Anyway, let’s start by seeing some tests:
@Test
public void testFunctionCallNoArgumentsNoReturn() {
// addresses 0 1 2 3
CPU cpu = new CPU(CALL, 3, HALT, RET);
assertProgramRunsToHaltAndInstructionAddressIs(cpu, 3);
assertStackIsEmpty(cpu);
}
@Test
public void testFunctionCallNoArgumentsReturnsInt() {
// addresses 0 1 2 3 4 5
CPU cpu = new CPU(CALL, 3, HALT, PUSH, 7, RET);
assertProgramRunsToHaltAndInstructionAddressIs(cpu, 3);
assertStackContains(cpu, 7);
}
@Test
public void testFunctionDoublesGivenArgument() {
// addresses 0 1 2 3 4 5 6 7 8 9 10
CPU cpu = new CPU(PUSH, 3, CALL, 5, HALT, PUSH, 2, MUL, RET);
assertProgramRunsToHaltAndInstructionAddressIs(cpu, 5);
assertStackContains(cpu, 6);
}
The first test implements the most trivial of functions. We have introduced two new instructions in our VM: a CALL instruction that saves the current address and jumpts to the function’s starting address, and a RET function to return.

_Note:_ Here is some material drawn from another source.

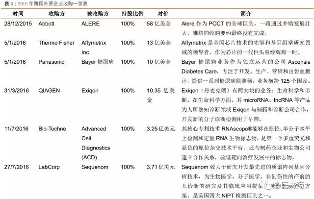 长久以来,国产品牌的主要战场在二级及以下医院,公立三级医院主要还是进口品牌,终端对价格的不敏感,使得部分已经达到临床要求,甚至性能超出进口品牌的优秀国产品牌始终无法抛去“国产的帽子”,没有在市场上公平竞争的机会。而随着国产设备的研发实力不断提升,尤其在登录资本市场后融资能力有了质的飞跃,未来进口替代只是时间的问题。同时,国家的政策保护,将有利于国产品牌的发展壮大,进一步奠定龙头企业的地位。 医保支付能力是医改的核心矛盾,国产器械有效市场空间不断扩容 降价/招标/医保控费,进一步降低医疗器械价格,国产市场扩容。将是未来医改针对的核心矛盾,医疗器械依然处于长期降价趋势。体外诊断按照项目收费,收费端是固定的,因此诊断仪器和耗材成为了成本项。不同省份的收费标准和收费规则有巨大的差异,相同项目的收费在不同省份,最大有5-10倍的差异。诊断产品的毛利极高,与不合理定价有密切关系。未来随着行业的规范化,收费标准下调是必然趋势。 各个省份的采购模式和招标政策都有明显的差异,大致分为如下几种模式: 1.直接挂网阳光采购:如陕西、四川等区域的阳光采购。 2.挂网+联合议价模式:比如西部六省联盟(陕西省、内蒙古自治区、四川省、宁夏回族自治区、青海省、甘肃省)、三明联盟(宁波、珠海、乌海、鄂尔多斯、玉溪、铜仁、太原、三明、厦门、唐山、邯郸、沧州、衡水、邢台、张家口以及河北28个医改示范创建县、庆阳等共41个地级市)、京津冀联盟、华东四省联盟等联盟团体。其耗材采购,集中建立在数据互联互通、资源共享的基础之上,再进一步推动跨区域的价格联动和联合采购,以进一步降低医用耗材虚高价格。 3.药交所模式:通过第三方药品电子交易平台(既独立于医疗机构和医药生产经营企业又独立于政府)集中交易工作。价格进行每季度滚动竞价。 4.三步评审双信封模式:如宁波、浙江、河南、新疆等省。以技术标+商务标的模式进行三步评审。 以上常见模式,其本质是以不同的形式来进行议价。在此之前,浙江地区的招标已经有多年历史,长久都是价格洼地,然而由于浙江的经济发展水平比较高,即使是县级医院也在使用生化免疫流水线,是非常优质的客户群体,因此进口品牌对于个别特殊的区域会给与特殊的价格政策。如果未来降价成为主流,各个省区都有降价的趋势,我们认为进口品牌大幅降价的可能性不高。 价格的下降和收费的下降,对于国产品牌而言都是利好,价格的下降会伴随着量的提升,目前体外诊断行业的进口占比在60-70%之间,收费标准下调,在产品可替代的范围内,国产品牌受益。 产业并购加剧,市场垄断巨头逐渐浮出水面 作为医疗器械中的重要组成部分,体外诊断由于其独有的属性,使得越来越多的企业能够在A股登录,借助资本的力量以更快的速度发展壮大。在上市前,不同企业的竞争优势体现在产品、渠道、推广等等方面。上市后,除了企业自身的发展,企业的并购整合、战略方向的不同使得企业出现了分化,同时融资难度降低,并购则是上市后企业得以发展最主要的工具之一。根据并购的主体和标的不同可以大致分为三类:海外巨头的并购和合并、国内企业海外并购、国内企业国内并购。 海外巨头合并,行业哥斯拉还在成长 纵观海外IVD巨头,经过一轮自由竞争,市场格局趋于稳定。在其细分领域发展到极致后,只靠内生增长发展速度有限,通过产业并购来注入竞争优势已经是习以为常的状态。企业的并购主要分为技术产品的并购和市场份额的并购。技术产品的并购,缩短了企业的研发周期和降低了研发风险,同时结合初创企业的创新优势和成熟企业的产业化能力而快速推出新产品抢占市场。而市场份额的并购主要是以竞争对手为主,通过提升市场份额,拉大和其他竞争对手的距离,使得市场有序化,避免了市场激烈的价格竞争。企业之间的并购由小企业为主要标的的方式转变为跨国巨头之间的合并。2016年大型的上市企业并购持续成为产业的热点,马太效应的加剧,强者恒强的态势在持续发展。

These instructions don’t alter the stack, so a function can return a value (or even more than one) by simply pushing them to the stack, as it is done in the second test. Similarly, we can pass arguments to a function by just pushing them to the stack, as it is done in the third test.
Implementation
The implementation is quite simple. If you recall, our CPU has the concept of “current frame of execution”, implemented by a Frame class. Let’s start by extending it so that it can contain also the return address
public class Frame {
private final Map<Integer, Integer> variables = new HashMap<>();
private final int returnAddress;
public Frame(int returnAddress) {
this.returnAddress = returnAddress;
}
public int getVariable(int varNumber) {
return variables.getOrDefault(varNumber, 0);
}
public void setVariable(int varNumber, int value) {
variables.put(varNumber, value);
}
public int getReturnAddress() {
return returnAddress;
}
}
Now we can modify our CPU class to have a stack of frames:
- private Frame currentFrame = new Frame();
+ private Stack<Frame> frames = new Stack<>();
public CPU(int... instructions) {
checkArgument(instructions.length > 0, "A program should have at least an instruction");
this.program = instructions;
+ this.frames.push(new Frame(0)); // Prepare the initial frame
}
A new Frame will be pushed for each function call, and popped when the function returns. This allows us to implement local variables, even for recursive function calls: each function on the call stack has its own, private Frame and thus variables.
Finally, we can add support for the new instructions in our famous “instruction switch”:
case CALL: {
// The word after the instruction will contain the function address
int address = getNextWordFromProgram("Should have the address after the CALL instruction");
checkJumpAddress(address);
this.frames.push(new Frame(this.instructionAddress)); // Push a new stack frame
this.instructionAddress = address; // and jump!
break;
}
case RET: {
// Pop the stack frame and return to the previous address
checkThereIsAReturnAddress();
int returnAddress = getCurrentFrame().getReturnAddress();
this.frames.pop();
this.instructionAddress = returnAddress;
break;
}
When we call a function, we add a new Frame to the call stack that contains the return address and then behave similarly to a JMP instruction.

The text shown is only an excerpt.